Posted at 3:54 PM | link | follow-ups | 1 comment
Growing Up
When I was a kid, my parents heated the house primarily with a wood-burning stove in the basement, and fires in the living-room fireplace. I didn't really notice it then-- I was just conditioned to think of this as the normal state of affairs (which is why today Kate wears three sweaters around the house, while I lounge on the couch in shorts).
(It's not that we were poor, though my father was a public school teacher, so we weren't wealthy. It was mostly because the central heat in the house is electric, meaning it would actually have been more cost-effective to heat the house by burning huge stacks of dollar bills than by running the radiators.)
Of course, to get through a New England winter (and Central New York is part of New England, at least in terms of climate) required a great deal of firewood, some of which we bought, and some of which we cut ourselves on land owned by another teacher. Cut wood would be stacked across the road from the house during the summer, split down to burnable chunks in the fall, and hauled across the back yard in a wheelbarrow, and taken into the hosue through the basement window during fall and winter.
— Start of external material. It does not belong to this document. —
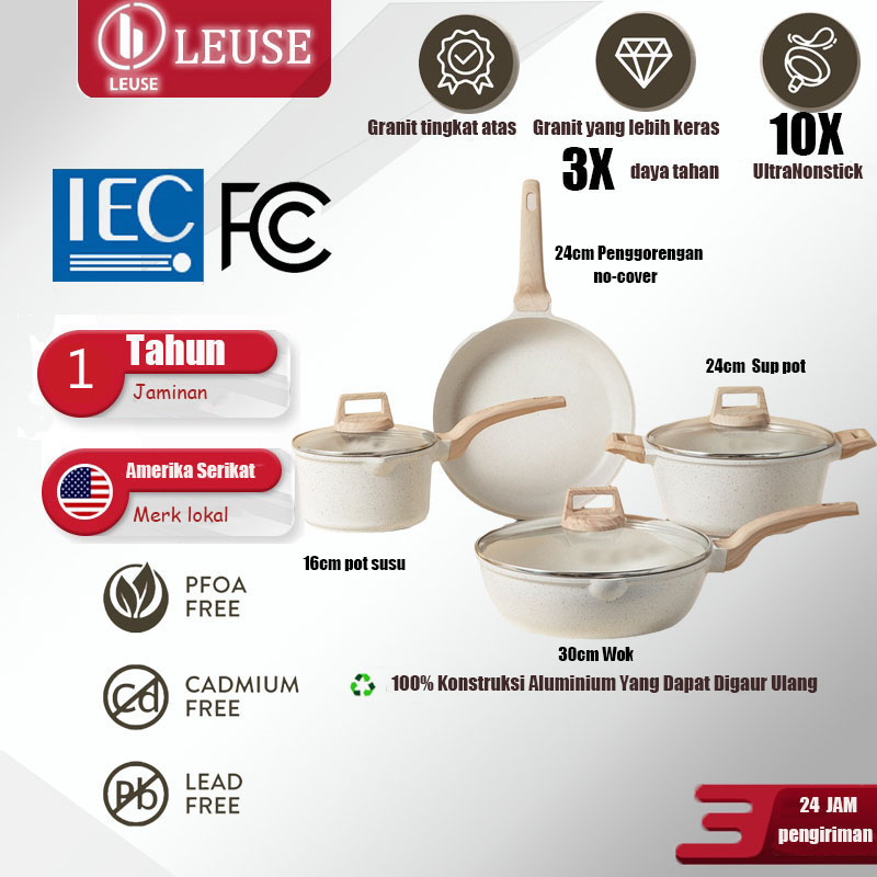 LEUSE Antilengket Peralatan Masak/Peralatan Dapur Cocok Untuk Semua Kompor Wajan Panci Paket Keluarga Set
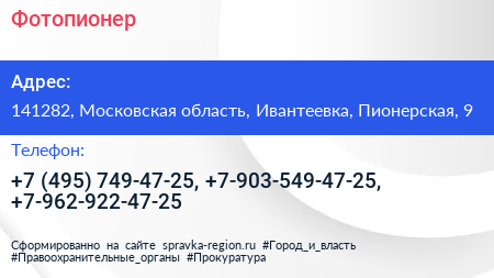 Фотопионер по адресу 141282, Московская область, Ивантеевка, Пионерская, 9 в дальнейшем Организация, размещена в следующих категориях:

Dealing with the firewood was the bane of my teenage existance. It was one of the few chores I was asked to do, and I was an insufferable pain in the ass about it. I bitched and moaned constantly about being made to move wood, and it was probably more hassle for my parents to make me move the wood than it would've been for them to do it themselves (maybe not, given that they kept making me do it...).
They got rid of the clunky old wood stove several years ago, replacing it with one that burns pellets of compressed wood (which come in sacks that are less annoying to deal with than the split logs used to be), but they still have the fireplace, and still buy a couple of cord of wood every year, which still gets stacked across the road, and still needs to be moved over to the house every winter.
My father's back is acting up again (he's hoping to avoid what would be his fifth or sixth disc surgery), so yesterday, I drove home to help them get a Christmas tree, and to move half a cord of wood across the road to the house. Which means, I drove a 260-mile round trip to do a job that I couldn't be bothered to do when I was fifteen and living in the house.
To the extent that growing up involves realizing what an asshole you used to be back in the day, I guess that means I'm an adult now.